Synopsis

We extend diffusion-weighted acquisitions using the stimulated echo acquisition mode (STEAM) to imaginary signals. In classical diffusion encoding, only real signals arise; however, for special applications of double diffusion encoding (DDE), complex signals arise, as shown here for diffusion pore imaging, a method that allows determining the shape of arbitrary closed pores filled with an NMR-detectable medium. It is shown that the phase information of complex signals is preserved under application of stimulated echoes: We show the analytically derived signal for DDE with STEAM and use Monte Carlo simulations for validation. Consequently STEAM can be employed for diffusion pore imaging.

Introduction

Diffusion pore imaging enables the measurement of the average shape of arbitrary closed pores in an imaging volume element. Examples of such pores could in principle comprise cells in biological tissue or oil containing cavities in porous rocks. Measuring the Fourier transform of the pore space function is realized with non-conventional gradient profiles: Either by applying a long-narrow gradient profile^1-5 or by combination of q-space imaging with double diffusion encoded (DDE) measurements^6-8. Both methods enable measuring imaginary signals containing the pore shape information, which gets lost in classical diffusion encoding. While the first approach is limited in its sequence design, the second is highly flexible and allows incorporating stimulated echoes to reach the long-time limit exploiting the longer T1-relaxation time compared to T2. To the authors’ knowledge, only real signals have been acquired with stimulated echoes so far.

The present study presents the analytically derived signal for DDE-based pore imaging with stimulated echo acquisition mode (STEAM) demonstrating that the phase information is preserved for stimulated echoes. Validation using Monte Carlo simulations is presented and appropriate choice of RF-pulse phases is investigated.

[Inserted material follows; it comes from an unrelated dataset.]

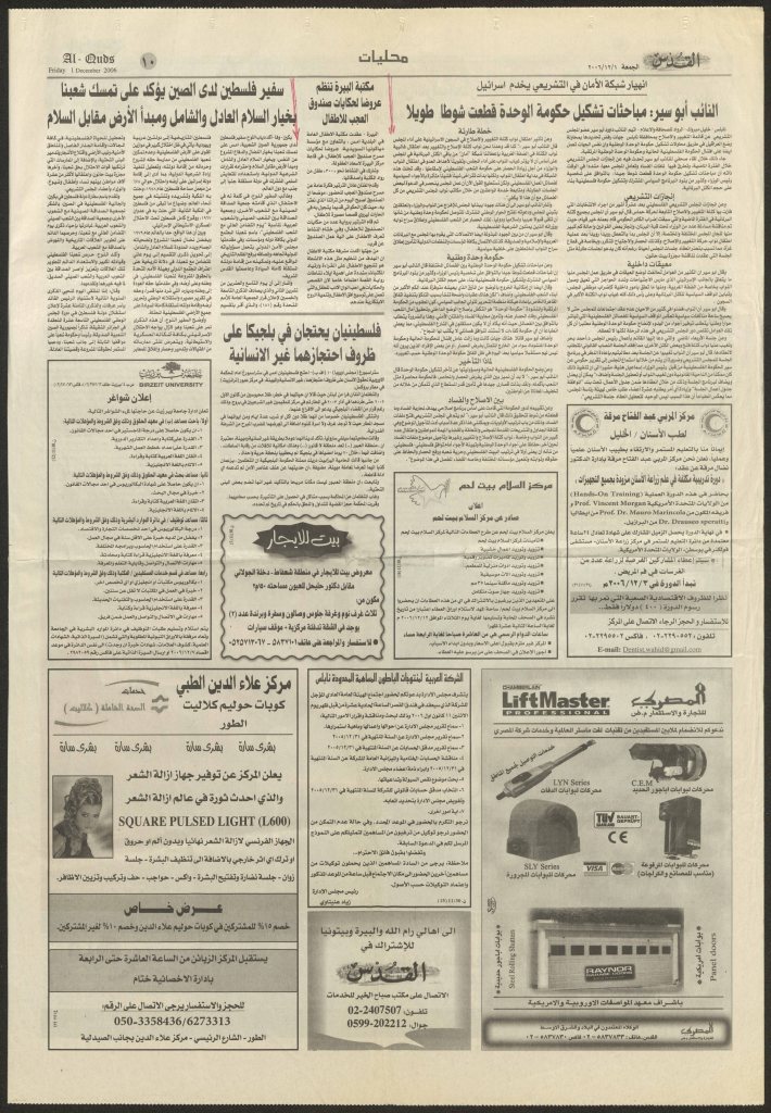 “مكتبة البيرة تنظم عروضًا لحكايات صندوق العجب”، قصاصة من جريدة، 1 كانون الأول 2006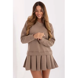 Tieto dámske šaty spájajú pohodlie a ženský štýl a sú ideálne na každodenné príležitosti. Sú vyrobené z mäkkej bavlny s prídavkom elastanu a poskytujú pohodlie pri nosení, pružnosť a príjemné prispôsobenie sa postave. Model má okrúhly výstrih, dlhé rukávy a rozšírený strih, ktorý sa pri pohybe krásne skladá. Plisovaný lem šatám dodáva ľahkosť a jemnú eleganciu, zatiaľ čo zateplenie zaručuje, že sa skvele uplatnia v chladnejších dňoch. Mini šaty bez ďalších zapínaní sú praktické a ľahko sa obliekajú a ich hladký vzor umožňuje vytvárať mnohé stylingy, od každodenných až po ležérnejšie vychádzky. Ak si želáte, môžem pripraviť aj kratšiu verziu opisu pre internetový obchod, ktorá je vhodná na nákup.

Methods 1: Analytical derivation of STEAM signals

The signals arising for the sequences depicted in Fig. 1(a)-(d) are derived by sequentially applying building blocks for a) short gradient pulses and b) RF-pulse sequences generating stimulated echoes:

a) A gradient pulse $$$\boldsymbol{G}_i$$$ of duration $$$\delta$$$ induces a phase factor $$$e^{iφ_i}$$$ to spins resting at position $$${\boldsymbol{x}}_i$$$ during gradient application with $$$φ_i=-γδ{\boldsymbol{G}}_i{\boldsymbol{x}}_i$$$. If the pore’s center of mass $$$\boldsymbol{x}_{\text{cm}}$$$ is translated relative to the origin, additional phase shifts $$$ϑ$$$ occur.

b) If a pulse sequence $$$\left(90_{α_1}^°-τ-90_{α_2}^°\right)$$$ is applied to a transverse magnetization $$$e^{iφ}$$$ ($$$α_j$$$= phase of 90° pulse), the first pulse $$$90_{α_1}^°$$$ stores the real part as z-magnetization which is returned to the transversal plane by $$$90_{α_2}^°$$$ resulting in⁹ $$${\text{Re}}\left(-e^{i(φ-α_1)}\right)\,e^{iα_2}=-\frac{1}{2}\,\left(e^{i(φ-α_1+α_2)}+e^{i(-φ+α_1+α_2)}\right)$$$. Definitions of coordinate system and phases in Fig.$$$~$$$1(e).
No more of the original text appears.